According to SALA members Emma Hartung ’17 and Cenobio Hernandez ’18, who is also a recently elected ASSU senator, the new hours make it difficult for employees to manage childcare, healthy living, commuting to work and other daily tasks.
“I’m proud of going to Stanford, but I can’t say that if Stanford is disrespecting its workers,” Hernandez said.
In a March email to SALA, Luke Thivierge, the associate director of SEQ Operations to whom the petition is addressed, indicated that the janitors’ hours were changed partly due to concerns regarding interruptions to classes and research and lack of janitorial access to spaces occupied during the day.
However, according to Hernandez, most students and faculty don’t find janitors to be a disturbance during the daytime.
“There’s been a majority of people that are involved in those Engineering Quad buildings…who believe that the janitors do not disrupt the work in any way, so I feel like it was a really excessive decision to make that change,” Hernandez said.
Of those who signed the petition, around 700 were students or faculty taking classes or doing research in the Engineering Quad, Hartung said.
“Interacting with […] staff during working hours creates a more diverse working environment and is important for everyone. Their daytime work has not interfered with any of our work, on the contrary it is beneficial,” wrote assistant professor of bioengineering David Camarillo along with his signature on the petition.
Francisco Capristan, a petition signatory and fourth-year Ph.D. student in aeronautics and astronautics, worked as a night-shift janitor for a year when he first came to the United States.

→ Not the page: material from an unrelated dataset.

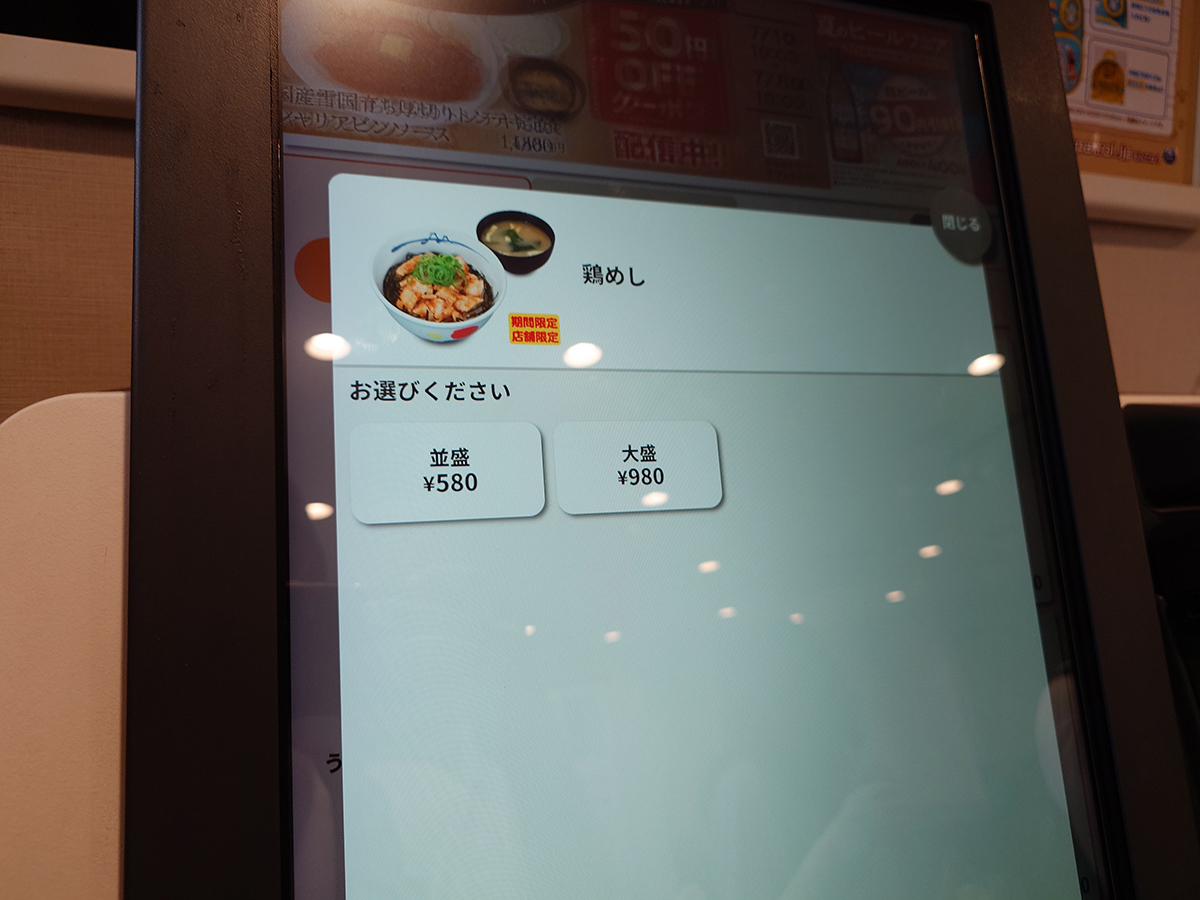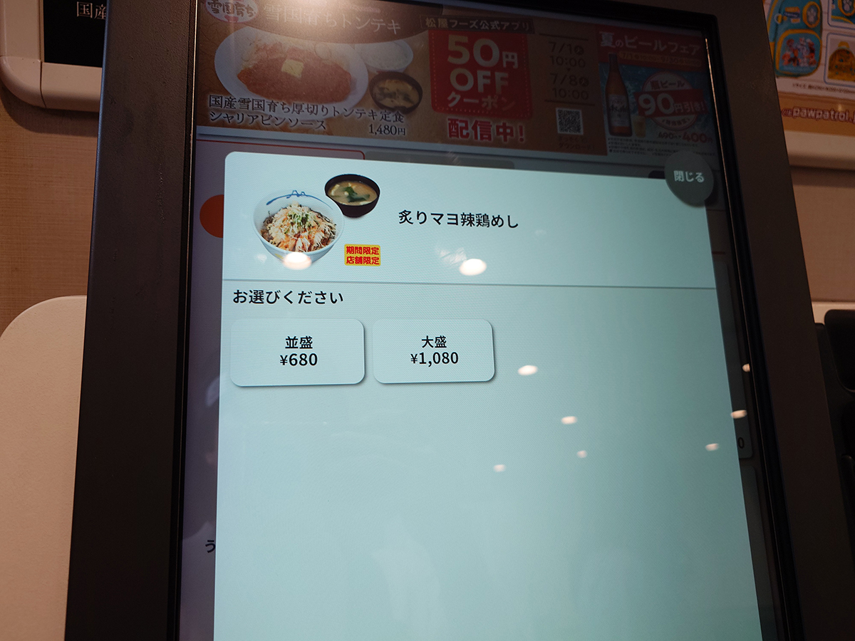 ノーマルは……ちょ、待てよ。580円の並から、大盛にすると一気に980円になるもよう。この上昇幅は圧倒的だ……。しかし今日は2種類食べねばならぬので、並を選択。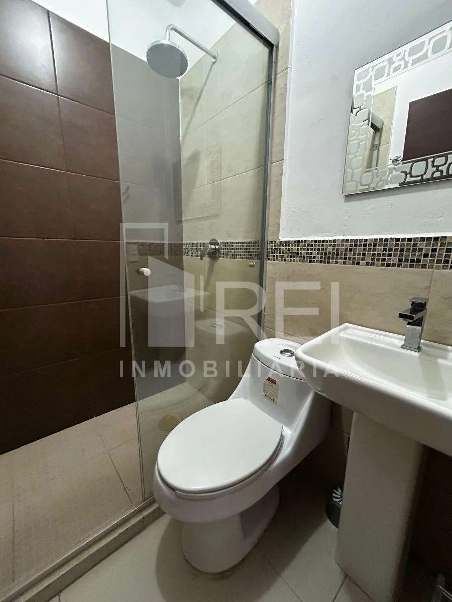 P.B. Estacionamiento para dos autos, sala, comedor, cocina integral, área de lavado techada, una recámara con closet y baño completo.

“Being a janitor is really hard, because a lot of people are insensitive to it, a lot of people don’t appreciate what you do. And then you have to work the nights, and working the nights is hard…you have to rearrange your life,” Capristan said.
According to Capristan, working those hours disrupts the worker’s sleep schedule. And for those who don’t have cars, public transportation or carpools can be difficult to arrange at irregular hours.
It is unjust, said Capristan, for these significant inconveniences not to be additionally compensated.
Two SEQ buildings, Shriram and Spilker, have always used night shift workers for most cleaning tasks, said Thivierge in an email to the Daily. DTZ, the contractor employing the workers, suggested switching the other buildings, Huang and Y2E2, to night shift work because it is easier to clean unoccupied buildings.
“This change has allowed our janitorial contractor to meet our objective to provide safe and clean space to support teaching and research,” wrote Thivierge. “We have no involvement in setting wages or working conditions for the janitors. Those are covered by their collective bargaining agreement with the employer.”
There are few mechanisms in place to hold Stanford accountable for workers’ conditions, Hartung added, because workers are employed through DTZ, not directly by the University.
Still, Hartung says that as a DTZ client the University can take a stand.
“There’s really no reason that respecting the agency and the rights and the humanity of everyone on Stanford’s campus shouldn’t be something that everyone can get behind,” Hartung said.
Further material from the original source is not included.